Singapore bank DBS collaborated with agricultural commodity business Agrocorp to develop a blockchain trade platform. Initially, the blockchain platform will enable 4,500 Australian farmers in Agrocorp’s network to connect with customers such as supermarkets and restaurants.
The benefits of the platform are real-time price updates, shared delivery information, and automated trade finance approval. DBS estimates it will reduce Agrocorp’s working capital cycle by 20 days.
Mr. Raof Latiff, MD and Group Head of Digital, Institutional Banking Group, DBS Bank, said: “The blockchain platform solution provides not only transparency, but also greater speed with which the business and its vendors can transact and finance their cross-border trades. The traceability that blockchain provides also offers much-needed security when dealing with a new counterparty.”
Agrocorp plans to expand the platform to other markets including Canada, Myanmar, Ivory Coast and Ukraine. Additionally, it aims to extend the commodities traded on the blockchain platform from pulses such as mung beans and chickpeas, to cereals, cotton, edible nuts and oilseeds.
How it works
Farmer’s log on to a web portal to access real-time commodity prices and register a sale.
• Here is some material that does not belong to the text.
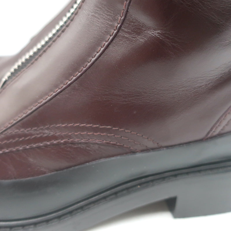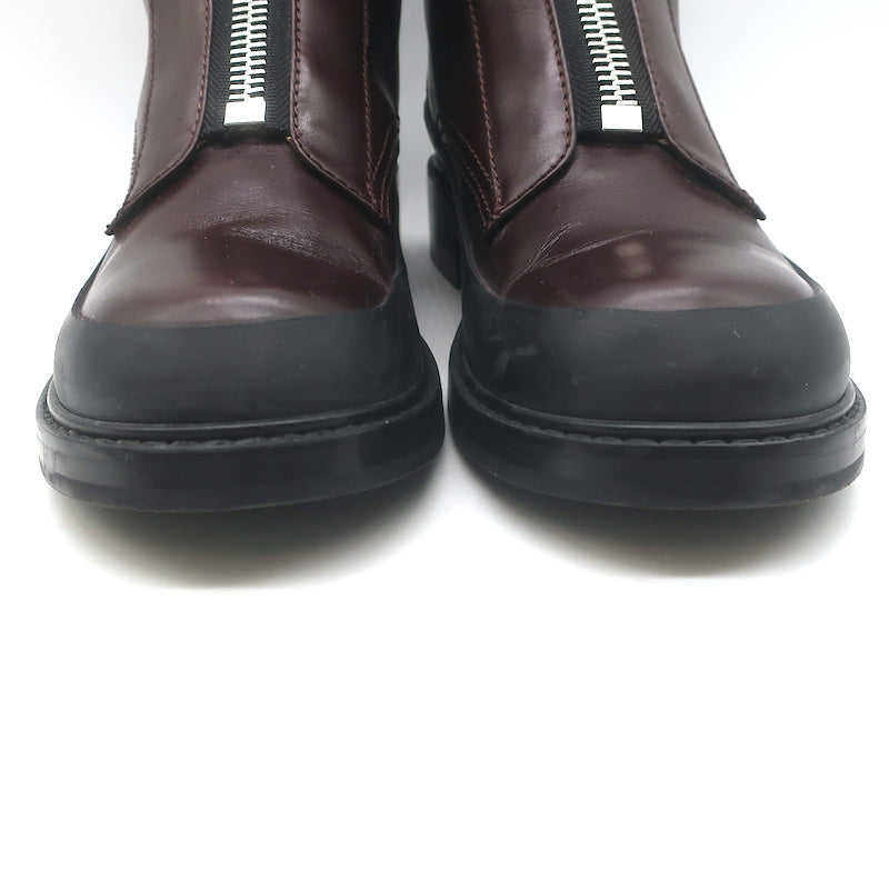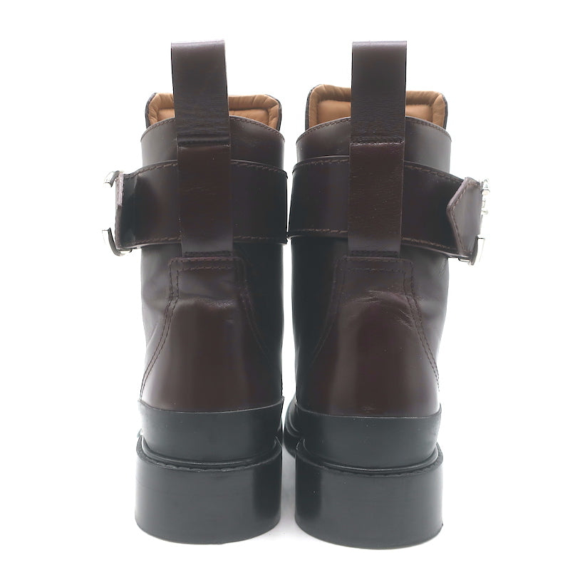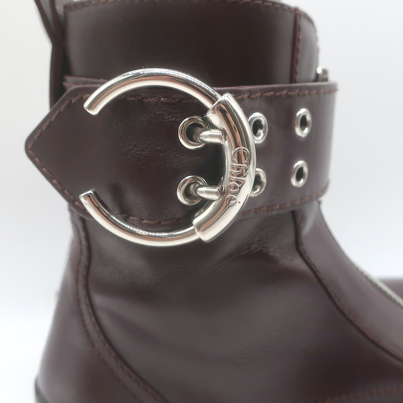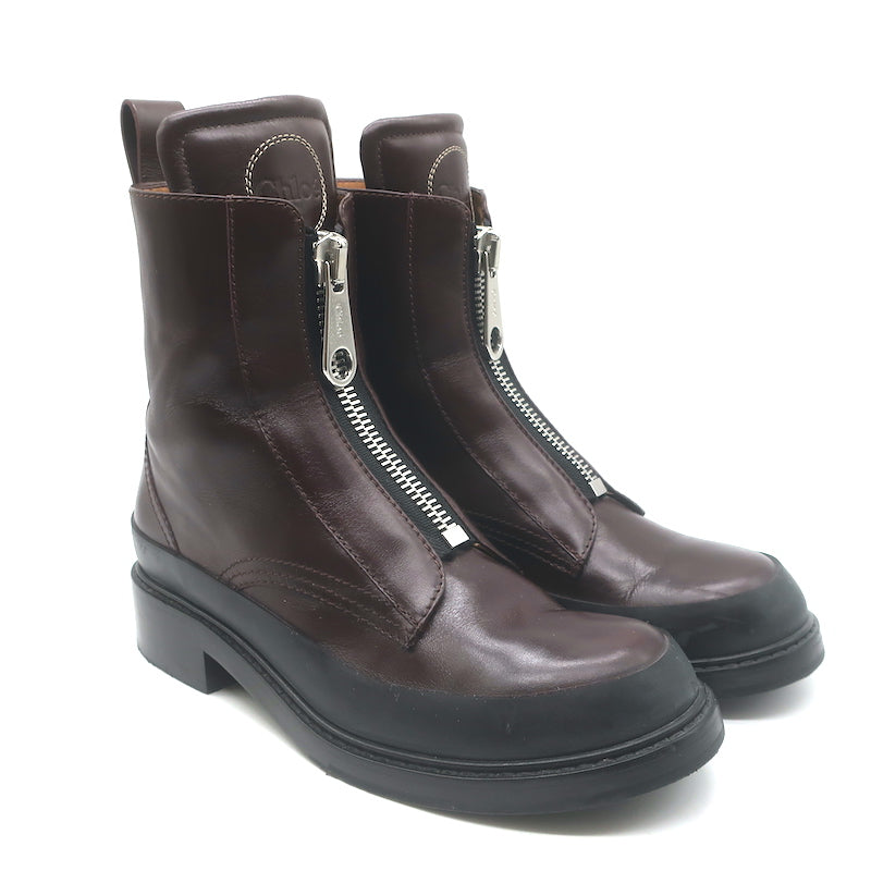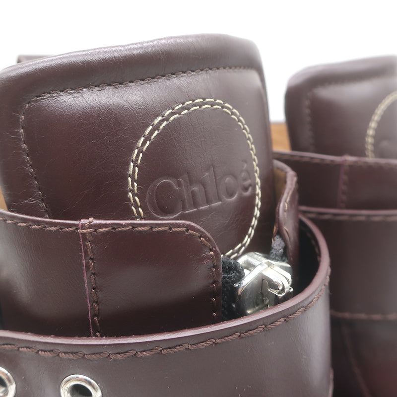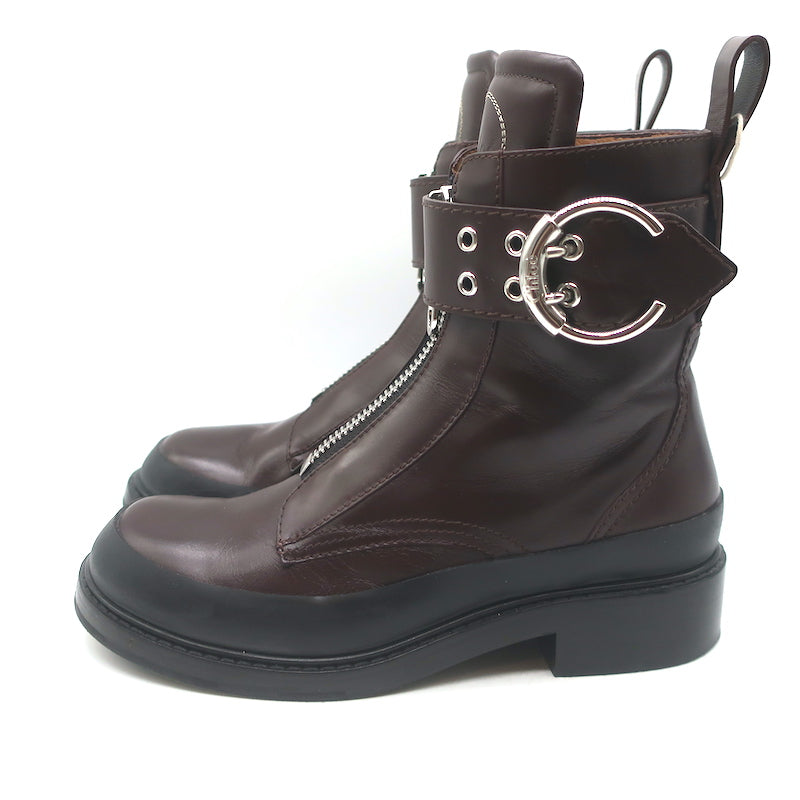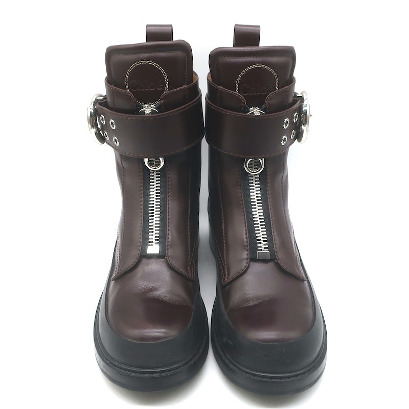 Chloe Roy Zip-Front Belted Combat Boots Dark Brown Leather Size 40.5

The sale and purchase agreements are digitally stored on the blockchain.
When goods are shipped the digital ledger is updated and this triggers a smart contract to request financing for Agrocorp. The ledger is linked to DBS via an API so that DBS automatically receives the request and potentially a request to release payment to the farmer.
All the participants in a trade can upload and view trade-related documents. Any changes in contract terms have to be validated by counterparties.
In future, the plan is to capture details about the source of commodities such as farm details and practices including water, fertilizer and pesticide usage. Hence this will enable end customers to view the food traceability and sustainability data.
The platform was created by Distributed Ledger Technologies using Hyperledger technology.
Other commodity blockchains
Last week for of the world’s biggest agribusinesses announced plans to digitize their global shipping transactions using blockchain. The companies are Archer Daniels Midland (ADM), Bunge, Cargill and Louis Dreyfus.
The other big consortium is komgo which focuses on finance. Some of its shareholders are in the energy sector, so this will likely be the initial focus. But it has plans for metals and agribusiness. komgo shares several shareholders with VAKT, the blockchain platform for energy post-trade processing.